Over the next couple of months, we will be discussing the Top Ten questions CIOs face when considering the Digital Transformation of their IBM i application portfolio. Following is the first in the ten-part series.


Question 1: Why not stay on the IBM i platform indefinitely?


As the global pandemic drags on with resulting shelter in place restrictions, most enterprise businesses' survival depends on their ability to support a remote workforce. This requirement has led even the most conservative IT organizations to consider cloud-based solutions for their enterprise-critical systems seriously.


Yet, the magnitude of the effort is daunting. Traditional legacy applications are monolithic and offer little to no visibility into what the systems do.

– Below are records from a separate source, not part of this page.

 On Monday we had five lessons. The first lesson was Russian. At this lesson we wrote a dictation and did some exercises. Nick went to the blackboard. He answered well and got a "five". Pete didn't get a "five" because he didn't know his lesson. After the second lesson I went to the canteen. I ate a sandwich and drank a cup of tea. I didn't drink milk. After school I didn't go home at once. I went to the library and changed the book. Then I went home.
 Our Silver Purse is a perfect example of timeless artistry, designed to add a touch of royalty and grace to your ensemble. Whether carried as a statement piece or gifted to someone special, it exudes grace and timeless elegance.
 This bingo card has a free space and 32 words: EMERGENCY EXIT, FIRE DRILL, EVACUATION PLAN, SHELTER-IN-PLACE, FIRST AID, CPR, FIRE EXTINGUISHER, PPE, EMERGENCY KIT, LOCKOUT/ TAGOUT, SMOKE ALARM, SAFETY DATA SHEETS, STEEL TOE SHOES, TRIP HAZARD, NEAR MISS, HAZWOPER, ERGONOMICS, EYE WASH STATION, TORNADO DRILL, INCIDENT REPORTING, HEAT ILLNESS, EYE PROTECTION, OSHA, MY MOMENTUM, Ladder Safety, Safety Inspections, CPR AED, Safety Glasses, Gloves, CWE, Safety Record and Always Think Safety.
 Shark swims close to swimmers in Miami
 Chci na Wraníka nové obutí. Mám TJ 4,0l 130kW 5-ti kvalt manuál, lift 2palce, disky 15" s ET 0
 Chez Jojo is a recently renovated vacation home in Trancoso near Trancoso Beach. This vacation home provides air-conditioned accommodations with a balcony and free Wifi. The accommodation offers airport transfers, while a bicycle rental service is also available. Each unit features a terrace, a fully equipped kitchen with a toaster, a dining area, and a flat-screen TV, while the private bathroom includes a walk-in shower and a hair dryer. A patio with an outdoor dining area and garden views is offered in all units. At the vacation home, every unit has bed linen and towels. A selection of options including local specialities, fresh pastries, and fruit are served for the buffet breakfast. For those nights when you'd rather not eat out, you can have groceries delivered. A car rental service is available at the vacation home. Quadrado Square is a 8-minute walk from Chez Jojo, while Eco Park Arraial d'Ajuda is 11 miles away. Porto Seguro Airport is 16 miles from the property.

If yours is like most organizations, you lack accurate, up-to-date documentation of your mission-critical applications and have no access to your system's original authors or technical subject matter experts who have a deep understanding of your complex application portfolio.


Most likely, your organization has relied on your legacy IBM i systems to support critical business operations for decades successfully. Some in your organization, maybe even you, question why you should take on such an enormous effort when your application portfolio runs like a well-oiled machine.


It is quite tempting to stay on the tried-and-true IBM i platform. In many ways, it is as familiar and as comfortable as an old shoe. But if we are honest with ourselves, we must admit that our beloved platform offers limited access to the internet, the cloud, and most emerging strategic technologies. For most of us, the budget for maintaining these old systems represents the majority of our authorized expenditures while offering little or no strategic value or new operational capability. The cost to maintain these systems will soon consume our IT budgets and eclipse the available funding for meaningful technical advances.


Even with increasing maintenance costs, access to qualified legacy technical talent is dwindling, and our backlog is mounting. Technical debt will soon be insurmountable as access to legacy technical experts disappears. As a result, our vast investment in our essential corporate asset, our legacy application portfolio is at risk.


What will happen when the last legacy application expert disappears? How will you support the mission-critical systems required for your organization's daily operations?


Though there are significant challenges with our IBM i systems' digital transformation, the risks of retaining the languishing legacy systems are profound. Legacy systems do not address the ever-increasing calls to support a remote workforce. They offer no meaningful access to the cloud or emerging strategic technologies.


We have reached the point where the pain of staying the same has exceeded the pain of change. Adopting modern, cloud-based systems is a strategic imperative.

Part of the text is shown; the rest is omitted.